Among the lines below, count those with "perfect". Give the total alone.
(Beginning of Records for this exercise)
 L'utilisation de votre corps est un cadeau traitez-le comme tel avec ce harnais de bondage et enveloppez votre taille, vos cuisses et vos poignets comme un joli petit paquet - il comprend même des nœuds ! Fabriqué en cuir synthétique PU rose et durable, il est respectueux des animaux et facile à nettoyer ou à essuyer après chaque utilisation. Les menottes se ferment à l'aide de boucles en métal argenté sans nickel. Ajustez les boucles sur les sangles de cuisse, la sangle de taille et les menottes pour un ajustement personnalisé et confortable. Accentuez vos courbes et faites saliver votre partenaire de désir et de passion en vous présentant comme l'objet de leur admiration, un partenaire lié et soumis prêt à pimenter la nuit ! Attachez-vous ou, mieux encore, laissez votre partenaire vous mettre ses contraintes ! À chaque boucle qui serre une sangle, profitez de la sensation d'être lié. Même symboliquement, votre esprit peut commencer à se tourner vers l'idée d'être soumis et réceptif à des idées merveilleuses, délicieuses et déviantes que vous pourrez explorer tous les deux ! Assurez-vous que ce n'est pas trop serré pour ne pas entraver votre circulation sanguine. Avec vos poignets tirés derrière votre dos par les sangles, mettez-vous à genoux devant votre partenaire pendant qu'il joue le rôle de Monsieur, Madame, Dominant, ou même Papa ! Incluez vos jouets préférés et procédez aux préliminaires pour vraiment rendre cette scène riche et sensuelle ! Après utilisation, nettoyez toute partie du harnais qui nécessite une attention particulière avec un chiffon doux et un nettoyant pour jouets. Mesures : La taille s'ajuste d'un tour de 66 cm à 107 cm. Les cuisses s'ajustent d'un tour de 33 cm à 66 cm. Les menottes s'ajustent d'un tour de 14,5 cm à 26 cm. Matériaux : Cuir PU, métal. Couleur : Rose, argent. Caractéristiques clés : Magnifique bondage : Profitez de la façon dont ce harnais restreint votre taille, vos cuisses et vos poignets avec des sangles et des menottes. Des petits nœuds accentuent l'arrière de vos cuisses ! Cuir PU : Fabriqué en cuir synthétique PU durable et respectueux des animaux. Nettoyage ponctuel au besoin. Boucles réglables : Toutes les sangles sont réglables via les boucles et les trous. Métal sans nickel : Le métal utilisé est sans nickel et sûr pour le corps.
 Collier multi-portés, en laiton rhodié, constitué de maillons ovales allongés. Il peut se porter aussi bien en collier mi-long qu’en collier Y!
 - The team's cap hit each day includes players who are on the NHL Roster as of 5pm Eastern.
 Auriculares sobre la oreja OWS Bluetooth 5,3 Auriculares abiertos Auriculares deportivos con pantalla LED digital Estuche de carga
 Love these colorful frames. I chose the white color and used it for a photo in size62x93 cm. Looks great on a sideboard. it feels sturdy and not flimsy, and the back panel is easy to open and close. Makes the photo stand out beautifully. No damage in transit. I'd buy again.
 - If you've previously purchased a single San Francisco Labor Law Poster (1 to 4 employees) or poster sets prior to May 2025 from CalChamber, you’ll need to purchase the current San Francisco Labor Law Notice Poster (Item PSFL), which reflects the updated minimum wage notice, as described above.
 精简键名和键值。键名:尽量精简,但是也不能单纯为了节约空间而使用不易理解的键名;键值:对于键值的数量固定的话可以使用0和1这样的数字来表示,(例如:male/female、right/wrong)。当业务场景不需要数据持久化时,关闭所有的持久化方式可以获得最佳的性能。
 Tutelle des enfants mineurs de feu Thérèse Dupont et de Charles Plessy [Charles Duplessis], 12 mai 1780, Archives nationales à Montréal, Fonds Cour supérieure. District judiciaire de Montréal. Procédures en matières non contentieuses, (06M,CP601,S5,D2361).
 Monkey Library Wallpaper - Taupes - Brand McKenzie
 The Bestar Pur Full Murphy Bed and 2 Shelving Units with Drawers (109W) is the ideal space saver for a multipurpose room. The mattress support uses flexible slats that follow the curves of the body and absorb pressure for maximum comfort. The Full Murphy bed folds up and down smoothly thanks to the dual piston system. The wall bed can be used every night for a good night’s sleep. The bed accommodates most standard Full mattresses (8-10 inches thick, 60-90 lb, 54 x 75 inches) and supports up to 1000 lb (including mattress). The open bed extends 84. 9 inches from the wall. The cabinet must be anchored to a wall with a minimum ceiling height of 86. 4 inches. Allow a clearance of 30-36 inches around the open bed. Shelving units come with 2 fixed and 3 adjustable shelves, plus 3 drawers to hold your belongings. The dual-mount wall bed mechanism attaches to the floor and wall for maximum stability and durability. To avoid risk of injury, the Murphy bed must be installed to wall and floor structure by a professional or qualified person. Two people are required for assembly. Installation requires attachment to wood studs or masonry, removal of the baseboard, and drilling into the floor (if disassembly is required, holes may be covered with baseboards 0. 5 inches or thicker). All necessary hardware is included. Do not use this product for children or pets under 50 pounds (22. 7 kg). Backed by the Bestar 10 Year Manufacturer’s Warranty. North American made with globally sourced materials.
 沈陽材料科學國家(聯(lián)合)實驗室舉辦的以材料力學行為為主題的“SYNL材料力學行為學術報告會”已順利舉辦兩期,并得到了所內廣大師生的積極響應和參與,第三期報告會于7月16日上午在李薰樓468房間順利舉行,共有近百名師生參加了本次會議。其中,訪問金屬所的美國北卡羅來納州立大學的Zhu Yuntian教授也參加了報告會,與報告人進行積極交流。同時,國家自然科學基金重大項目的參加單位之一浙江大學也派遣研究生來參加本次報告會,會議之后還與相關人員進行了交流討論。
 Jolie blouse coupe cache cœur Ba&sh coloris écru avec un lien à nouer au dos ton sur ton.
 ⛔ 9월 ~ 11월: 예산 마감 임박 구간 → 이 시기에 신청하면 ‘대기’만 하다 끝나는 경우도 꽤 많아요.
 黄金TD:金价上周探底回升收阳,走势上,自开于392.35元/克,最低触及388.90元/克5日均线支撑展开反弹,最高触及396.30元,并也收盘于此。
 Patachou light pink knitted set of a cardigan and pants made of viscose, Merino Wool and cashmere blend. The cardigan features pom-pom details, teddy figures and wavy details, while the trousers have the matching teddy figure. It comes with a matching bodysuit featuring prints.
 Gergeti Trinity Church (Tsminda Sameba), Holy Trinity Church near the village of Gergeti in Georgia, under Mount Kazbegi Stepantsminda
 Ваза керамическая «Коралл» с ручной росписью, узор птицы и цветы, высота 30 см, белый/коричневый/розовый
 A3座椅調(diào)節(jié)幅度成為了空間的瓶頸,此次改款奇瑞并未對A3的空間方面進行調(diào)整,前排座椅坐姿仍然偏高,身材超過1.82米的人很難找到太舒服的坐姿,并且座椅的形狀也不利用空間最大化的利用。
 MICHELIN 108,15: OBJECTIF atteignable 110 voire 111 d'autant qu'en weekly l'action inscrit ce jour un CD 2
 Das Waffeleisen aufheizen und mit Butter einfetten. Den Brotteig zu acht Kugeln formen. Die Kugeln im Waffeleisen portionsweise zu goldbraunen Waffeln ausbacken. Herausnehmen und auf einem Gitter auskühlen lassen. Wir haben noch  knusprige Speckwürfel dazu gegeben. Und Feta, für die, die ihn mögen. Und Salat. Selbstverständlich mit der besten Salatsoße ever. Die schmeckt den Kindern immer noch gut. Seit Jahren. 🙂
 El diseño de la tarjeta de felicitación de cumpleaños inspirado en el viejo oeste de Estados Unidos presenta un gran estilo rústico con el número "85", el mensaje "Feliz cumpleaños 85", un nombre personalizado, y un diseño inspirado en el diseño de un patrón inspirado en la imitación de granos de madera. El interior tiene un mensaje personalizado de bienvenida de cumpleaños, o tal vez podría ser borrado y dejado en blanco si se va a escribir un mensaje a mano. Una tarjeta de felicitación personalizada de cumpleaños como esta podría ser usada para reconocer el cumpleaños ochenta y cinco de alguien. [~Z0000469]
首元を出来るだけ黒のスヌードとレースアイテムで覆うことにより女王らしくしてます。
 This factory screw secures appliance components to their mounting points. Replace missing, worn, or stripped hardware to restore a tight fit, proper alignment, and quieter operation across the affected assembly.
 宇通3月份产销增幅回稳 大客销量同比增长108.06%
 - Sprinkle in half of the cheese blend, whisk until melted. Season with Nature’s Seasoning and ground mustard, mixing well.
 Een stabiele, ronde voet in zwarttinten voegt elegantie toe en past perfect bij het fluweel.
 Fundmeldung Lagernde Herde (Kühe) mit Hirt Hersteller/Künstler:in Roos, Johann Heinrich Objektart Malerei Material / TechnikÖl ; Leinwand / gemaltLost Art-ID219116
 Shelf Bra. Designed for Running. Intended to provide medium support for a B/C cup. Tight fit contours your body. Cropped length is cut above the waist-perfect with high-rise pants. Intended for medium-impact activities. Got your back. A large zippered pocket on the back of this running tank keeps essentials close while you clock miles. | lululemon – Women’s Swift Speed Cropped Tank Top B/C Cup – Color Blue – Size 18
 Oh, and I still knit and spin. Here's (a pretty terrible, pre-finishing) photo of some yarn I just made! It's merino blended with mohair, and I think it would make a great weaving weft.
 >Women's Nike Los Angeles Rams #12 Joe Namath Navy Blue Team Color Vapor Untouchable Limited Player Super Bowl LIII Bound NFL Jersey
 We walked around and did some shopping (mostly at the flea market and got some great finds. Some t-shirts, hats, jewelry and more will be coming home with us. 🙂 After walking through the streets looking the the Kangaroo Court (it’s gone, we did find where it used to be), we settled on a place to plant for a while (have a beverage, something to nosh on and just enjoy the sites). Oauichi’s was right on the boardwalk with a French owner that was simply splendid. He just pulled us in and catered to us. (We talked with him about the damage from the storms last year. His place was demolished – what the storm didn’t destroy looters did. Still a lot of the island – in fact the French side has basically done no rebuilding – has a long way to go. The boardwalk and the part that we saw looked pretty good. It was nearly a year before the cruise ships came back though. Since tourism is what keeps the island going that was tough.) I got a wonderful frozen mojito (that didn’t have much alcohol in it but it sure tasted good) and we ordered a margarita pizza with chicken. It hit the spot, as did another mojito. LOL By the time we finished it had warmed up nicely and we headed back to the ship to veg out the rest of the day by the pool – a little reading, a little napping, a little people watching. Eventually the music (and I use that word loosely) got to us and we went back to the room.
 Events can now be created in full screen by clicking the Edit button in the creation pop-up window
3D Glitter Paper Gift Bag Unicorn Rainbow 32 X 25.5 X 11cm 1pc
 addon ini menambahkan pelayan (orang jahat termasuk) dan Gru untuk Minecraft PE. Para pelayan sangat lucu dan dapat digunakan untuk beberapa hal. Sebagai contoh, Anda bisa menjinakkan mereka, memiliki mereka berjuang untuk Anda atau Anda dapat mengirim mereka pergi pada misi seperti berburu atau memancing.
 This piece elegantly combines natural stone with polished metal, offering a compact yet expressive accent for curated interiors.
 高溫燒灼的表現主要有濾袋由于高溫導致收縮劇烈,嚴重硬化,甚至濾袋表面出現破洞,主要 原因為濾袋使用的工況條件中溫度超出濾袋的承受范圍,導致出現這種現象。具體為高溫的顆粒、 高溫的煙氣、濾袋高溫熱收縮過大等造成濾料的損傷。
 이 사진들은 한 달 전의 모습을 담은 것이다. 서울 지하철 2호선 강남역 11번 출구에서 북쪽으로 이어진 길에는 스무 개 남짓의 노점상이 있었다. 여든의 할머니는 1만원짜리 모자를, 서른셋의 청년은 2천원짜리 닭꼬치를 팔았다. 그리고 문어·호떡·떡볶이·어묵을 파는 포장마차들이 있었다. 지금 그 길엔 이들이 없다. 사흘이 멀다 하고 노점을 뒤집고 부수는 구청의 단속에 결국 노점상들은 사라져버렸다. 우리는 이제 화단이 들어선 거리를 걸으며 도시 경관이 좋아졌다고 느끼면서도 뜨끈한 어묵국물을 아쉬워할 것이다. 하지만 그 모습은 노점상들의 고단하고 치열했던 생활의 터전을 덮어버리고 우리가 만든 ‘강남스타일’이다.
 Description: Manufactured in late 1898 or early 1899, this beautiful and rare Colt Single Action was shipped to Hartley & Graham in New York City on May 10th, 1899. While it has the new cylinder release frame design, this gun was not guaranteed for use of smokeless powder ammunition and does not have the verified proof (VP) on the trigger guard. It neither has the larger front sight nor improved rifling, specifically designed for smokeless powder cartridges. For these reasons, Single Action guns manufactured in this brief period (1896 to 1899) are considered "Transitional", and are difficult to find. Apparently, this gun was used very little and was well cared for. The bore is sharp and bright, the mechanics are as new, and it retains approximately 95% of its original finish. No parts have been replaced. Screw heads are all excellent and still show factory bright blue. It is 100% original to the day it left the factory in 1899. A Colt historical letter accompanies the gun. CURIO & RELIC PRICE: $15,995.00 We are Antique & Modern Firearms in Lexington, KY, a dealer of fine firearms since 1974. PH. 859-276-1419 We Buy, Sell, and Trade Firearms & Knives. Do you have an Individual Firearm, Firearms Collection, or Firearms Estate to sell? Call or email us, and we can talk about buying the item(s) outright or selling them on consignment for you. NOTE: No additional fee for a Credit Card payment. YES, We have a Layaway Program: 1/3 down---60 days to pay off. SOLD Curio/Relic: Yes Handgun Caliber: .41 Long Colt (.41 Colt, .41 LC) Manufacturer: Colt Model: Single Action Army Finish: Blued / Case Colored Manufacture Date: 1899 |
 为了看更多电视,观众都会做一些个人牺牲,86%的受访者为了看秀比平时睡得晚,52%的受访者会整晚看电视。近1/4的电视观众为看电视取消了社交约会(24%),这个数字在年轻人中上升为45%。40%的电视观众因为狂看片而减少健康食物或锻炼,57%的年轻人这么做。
(End of Records for this exercise)
_Solved exercise_
2